I know a guy that got his GED at a young age, and spent the time that he would have spent being bored in high school getting a parametics license, and driving around saving people. He also traveled, learned how to fix cars, worked as a translator, learned a lot about computers and generally learned a lot of odd but useful stuff. I met him in freshman year of college and I was absolutely shocked that he was the same age as me. He’d done so much more and lived so much more life than I had.

There are soooo many more enriching and useful things to do than high school. Join a regional theater troop. Read the classics. Make movies. Help other people. Go to community college and take some real classes taught by teachers that treat you like a full-on human and don’t have to spend all their time on dicipline.

Of course, dropping out (by getting a GED or doing independent studies) doesn’t work for everyone. Plenty of kids drop out and work at McDonalds for the rest of their lives. But for a smart kid that has the ability to motivate herself and has a lot of dreams, dropping out can be the best thing possible. For some people, it is the only way for them to realize their potential. Why should an intellegent person waste years of their lives just because that is “whats done”? It’s a big step, and a scary one, and one that would require lots of planning and lots of motivation, but it might just be the right one.

I think there is some middle ground between backing off completely and continuing as you are. I think the thing to do–if you can–is to stay involved on a practical level, but stop being involved on an emotional level. It’s the emotional level that is wearing you out and that is turning this into a power struggle.

Sit down and decide what you think an acceptable level of perfprmance is. Then, come up with an incentive you are willing to give if that perfprmance level is reached, and a ppunnishment you can stand to administer if that performance level is not reached.

The performance level you decide on needs to be objective and reasonable. Do not say "If your grades don’t come up. . . ", say “You need to have all Bs. For every A, you can have a C.”

Picking the right punishment is the hardest thing: it has to be something that is severe enough to matter, but not so draconian that you won’t be able to carry thrugh with it: cutting off all contact with friends and removing the TV and the internet and making her wear corduroy toughskins to school every day for the next 9 weeks is ridiculous and counterproductive. Six weeks into it she’ll hate you and you will hate you and you will cave. You might present a list of privledges: Phone, Internet, Going out Friday, Going out Saturday, Friends over after school, TV on Weekdays, TV on Weekends, and then say that for every grade that is below a B, she loses one of those things until the next grading period. Hell, let her chose which thing, when the time comes.
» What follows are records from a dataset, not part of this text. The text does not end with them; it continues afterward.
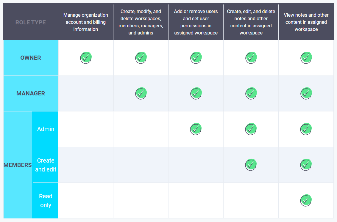Как я написал выше, Nimbus Note поддерживает командную работу. В этом случае вы можете создать различные рабочие пространства с чётким разделением ролей. Пользователи не смогут получить доступ к заметкам, которые им не предназначены.
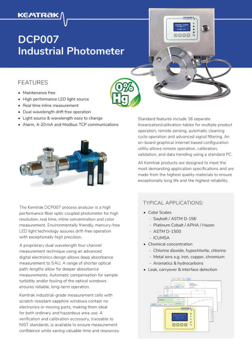 Kemtrak DCP007 використовує довговічне високопродуктивне світлодіодне джерело світла з надійною волоконною оптикою промислового класу для забезпечення високоточних вимірювань без дрейфу та шуму. Запатентована двохвильова, чотириканальна техніка вимірювання, та вдосконалена цифрова електроніка дозволяють проводити глибокі вимірювання абсорбції до 5 AU (1 см OPL). Діапазон коротших оптичних шляхів дозволяє проводити глибші вимірювання абсорбції. Автоматична компенсація каламутності зразка та/або забруднення оптичних вікон забезпечує безпроблемну роботу. Вимірювальні комірки з сапфіровими вікнами, що не потребують обслуговування, не мають електроніки чи рухомих частин, що робить пристрій придатним для використання у вибухонебезпечних зонах.
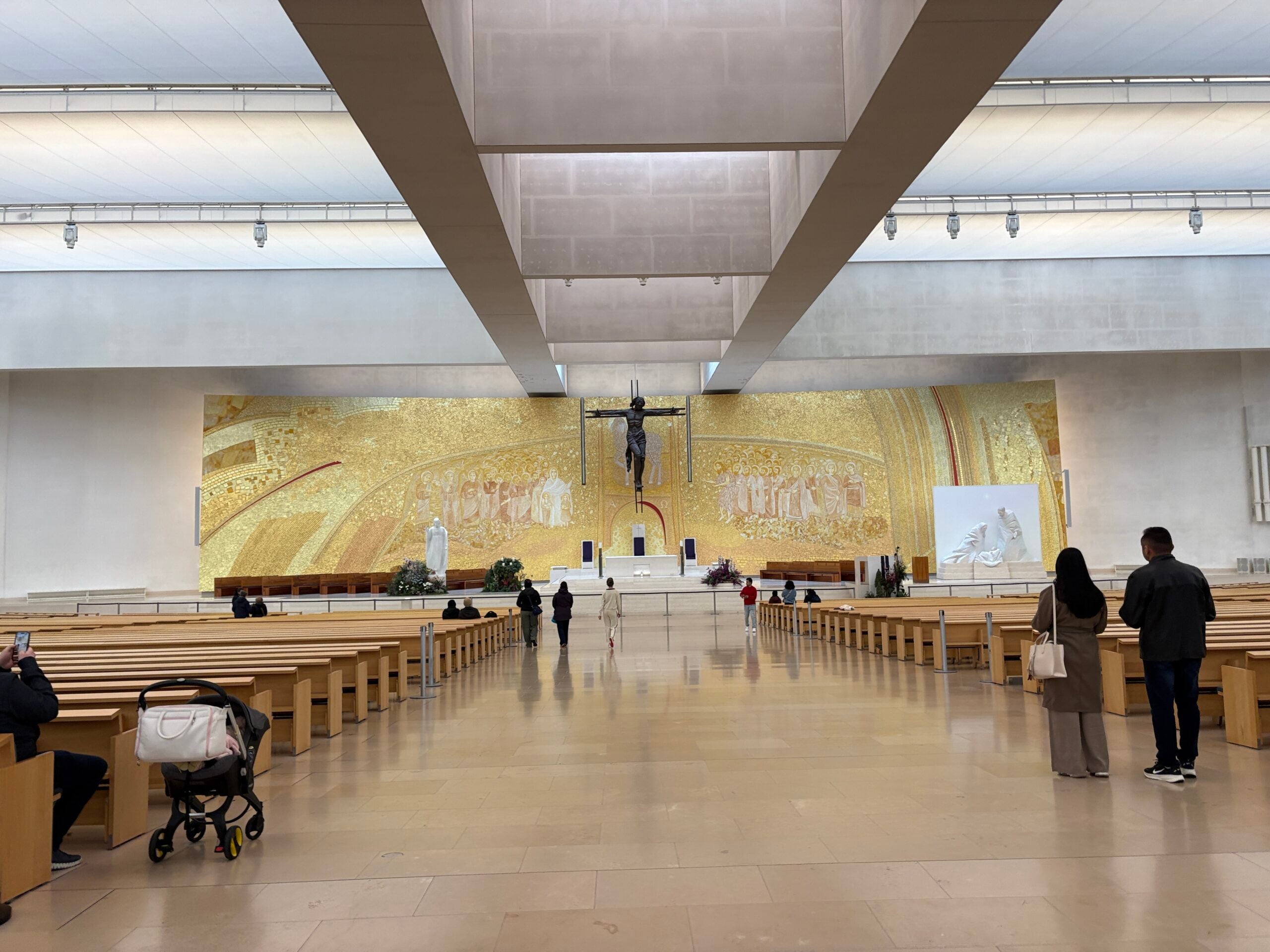 At the sanctuary, you can witness the large torch-lit processings led by Cardinals and Bishops. You can also light a candle for a loved one and say a prayer. We recommend standing in the middle of the sanctuary square to witness the beauty of the Basilica of Our Lady of the Rosary. This square is larger than the one in the Vatican!

Another important thing is not to land on a punnishment that requires more work on your part than you re willing to do: don’t say that if her grades come down you are going to call her teachers for conference every week unless you are the sort of person who is good at making seven calls a week without fail. Don’t suspend all driving privledges and then make exceptions for running your errands.
As far as rewards go, you have a better idea what she wants in life than any of us: come up with something suitably juicy, but not ridiculous, and I think that things are better than money: money is crass. Better to pay for her to get a manicure, or give tickets to a concert or something like that.
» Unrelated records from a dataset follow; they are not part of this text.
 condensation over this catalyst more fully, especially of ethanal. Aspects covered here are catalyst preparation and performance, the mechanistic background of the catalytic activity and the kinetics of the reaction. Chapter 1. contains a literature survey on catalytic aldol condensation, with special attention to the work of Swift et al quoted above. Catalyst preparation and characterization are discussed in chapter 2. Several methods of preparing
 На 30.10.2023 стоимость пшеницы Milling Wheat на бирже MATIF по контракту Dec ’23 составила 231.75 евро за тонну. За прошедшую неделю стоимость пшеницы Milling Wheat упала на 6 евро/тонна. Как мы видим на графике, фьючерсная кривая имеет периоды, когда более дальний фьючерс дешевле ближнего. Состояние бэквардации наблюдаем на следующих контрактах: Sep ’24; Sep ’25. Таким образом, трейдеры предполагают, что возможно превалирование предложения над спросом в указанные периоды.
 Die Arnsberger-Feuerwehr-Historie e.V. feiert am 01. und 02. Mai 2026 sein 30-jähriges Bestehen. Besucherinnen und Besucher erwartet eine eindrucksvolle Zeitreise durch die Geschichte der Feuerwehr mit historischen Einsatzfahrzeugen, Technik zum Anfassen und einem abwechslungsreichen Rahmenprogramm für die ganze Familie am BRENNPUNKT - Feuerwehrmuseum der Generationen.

Once you have set up this system–and you will have to get your X on board, though all she will have to do is monitor any privledge losses that come about–and you may want to stick to privledge losses that you can do all the monitoring over–explain it to your daughter and step back. Don’t harp on it, don’t worry about it. Once a week, ask her if there is anything going on with her schoolwork that you could help her with. Then, when report cards come, see what’s what. If her grades are low, don’t take it personally. This is the hardest part. Don’t be angry. Don’t be disappointed. Have a matter of fact “That really sucks for you. Which privledges are you going to lose?” attitude. Do be mildly encouraging: “Ah, well, nine weeks isn’t so long. I’m sure you can pull up English and Chem for next time.” Do not accept excuses, no matter how valid: tell her that if she was having problems, the time to bring them up was before the end of the grading period. Again, don’t be emotional about any of this.
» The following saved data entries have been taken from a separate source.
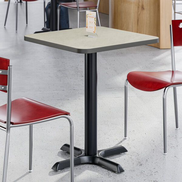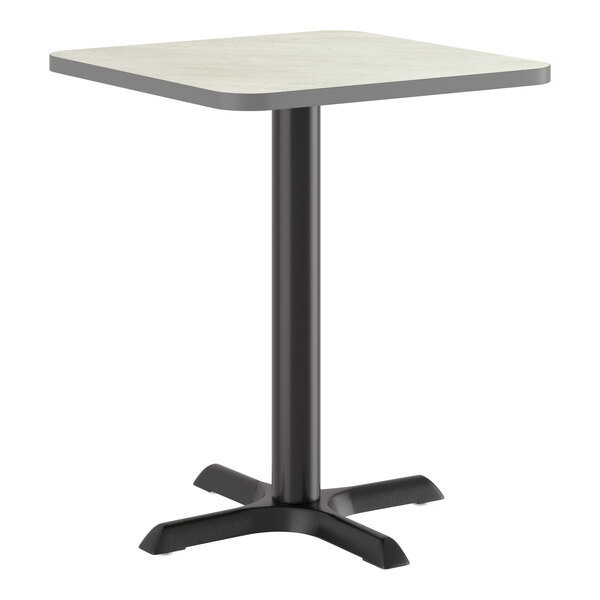 Take the guess-work out of selecting compatible table tops and bases with this 24" x 24" reversible gray / white table top and cross base plate! This table gives your establishment a modern look and provides your guests a stable place to comfortably enjoy their drinks and food! From the strong, sturdy cast iron base plate and spider, to the sleek black column and durable laminated table top, this table is an all-in-one addition to any establishment. Plus, with a contemporary square shape, it's sure to add aesthetic appeal to any establishment. The compact 24" x 24" design comfortably seats up to 2 guests without taking up too much room, making it the perfect choice for any restaurant, pizza shop, or cafeteria!
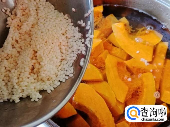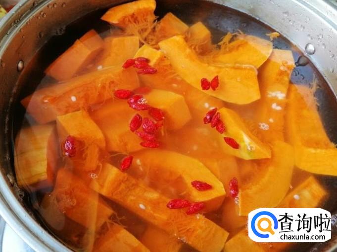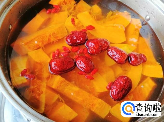 煮锅放水加入备好的南瓜,还有洗好的枸杞和红枣,都放好后等会就开火煮粥,所有食材用量根据自身喜好来放。
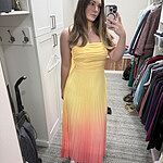 Twirl around in the most romantic style around. The Sunset Magic Strapless Pleated Maxi Dress features a neck scarf, an ombre design and a crisscross back. Style with heels to impress.
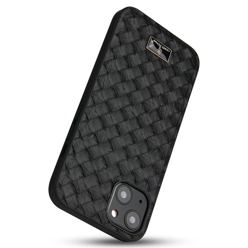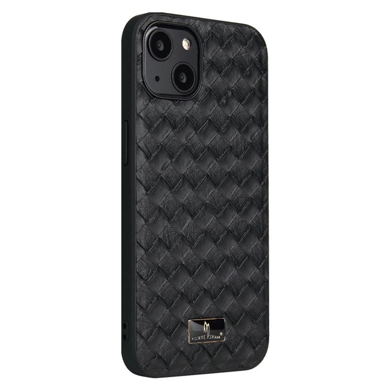 FIERRE SHANN For iPhone 14 Anti-scratch Ultra Slim Phone Case Hardware Decor PU Leather Coated TPU Back Cover
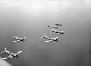 After being formed in June 1943 at RNZAF Base Woodbourne, No. 18 Squadron was based in New Zealand until September 1943 when it deployed to Palikulo Bay Airfield on Espiritu Santo. The following month, the squadron moved to Ondonga Airfield on New Georgia, remaining there until it returned to Santo in January 1944. The squadron deployed to Piva Airfield on Bougainville between January and March 1944 and then moved to Kukum Field on Guadalcanal in May 1944, returning to Bouganville the following month. The squadron returned to Santo in August 1944, and then moved again to Guadalcanal in September, remaining there until November.[1] On 22 November 1944, No. 18 Squadron deployed from Guadalcanal to Green Island assuming responsibility for local patrols and "Dumbo" air-sea rescue escort missions from No. 20 Squadron RNZAF.[2] In January 1945, the squadron returned to Guadalcanal, before being deployed the following month in support of Australian ground troops fighting the Bougainville Campaign. On Bougainville they participated in combat operations over the course of two periods: February–April 1945 and June–October 1945.[1]
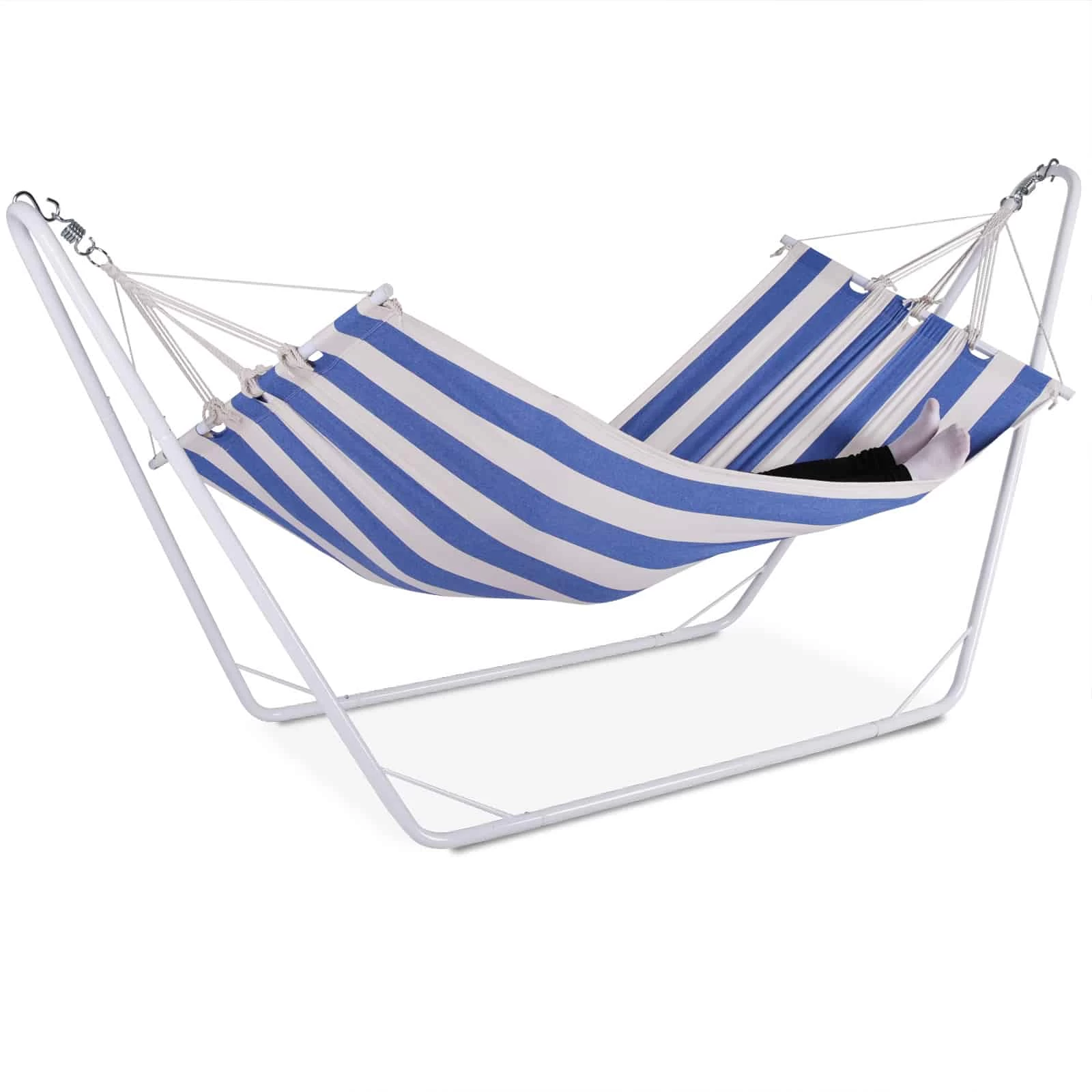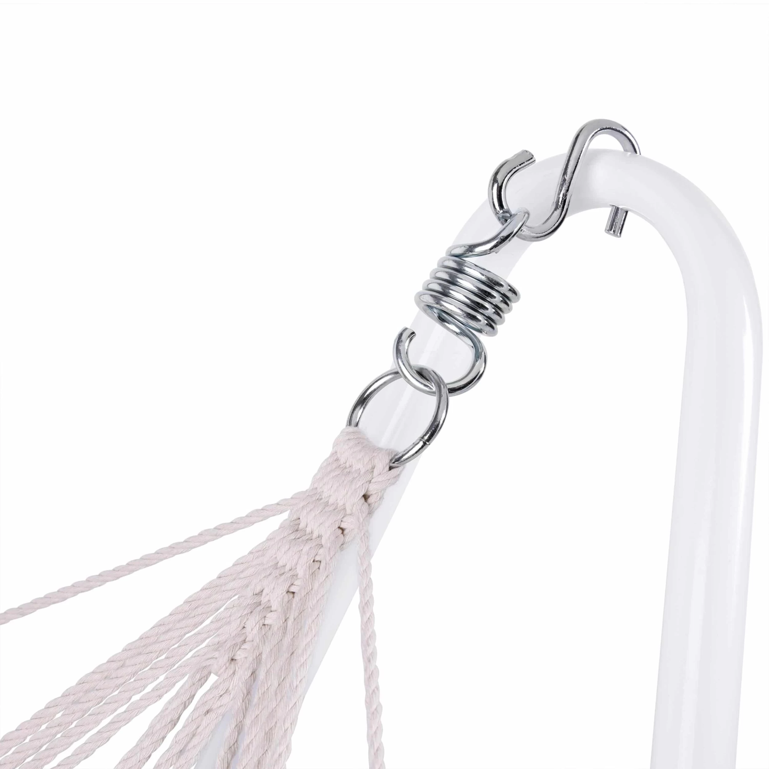 Durch die Schnellverschlüsse ist die Hängematte schnell montiert und bei Bedarf platzsparend zerlegbar. Stabile Haken und verstärkte Schlaufen, lassen Sie bequem und sicher entspannen.

I was somewhat like that as well, and I have to say that I owe my passing to the fact that my dad never pressured me to do anything. I don’t know if that would work for backing off, but I do know that when my mom tried to get involved it did not help my grades any and only made me hate her. If she had done that into my teenage years I would have stopped trying at all. They also said that good grades in highschool matter. In the end they were wrong because right now I have a semester in college and I have full tuition and books paid with a 3.5 GPA in college before the rest of my class graduated with what was supposed to be a 2.5 GPA. Picking the right classes matters so much more.

I’d say see if you can get her in any college classes(where she actually goes to the college even if it is just with other highschool students) that she would be interested in if her highschool has them. Going to a computer networking class with a teacher who treated us like college students did wonders for my motivation.

You know…that sounds exactly like this one kid I was friends with in high school…and, um, that didn’t turn out too well. Then again, he had some other problems that he needed to work through.

Having witnessed that situation, my advice to you is to talk (again, if that’s the case) to your ex about this. A serious, long talk. If that doesn’t work, you might want to consider taking her out of G&T classes and putting her in either honors or regular classes. I was in a similar program in high school, and the pressure/stress of those classes was enough to keep me from wanting to even think about school when I got home, let alone do my homework. Honors classes might be relieve her stress, allowing her to actually think about doing her homework without wanting to pull her hair out in frustration. If she’s a perfectionist, this solution might be the best thing for her.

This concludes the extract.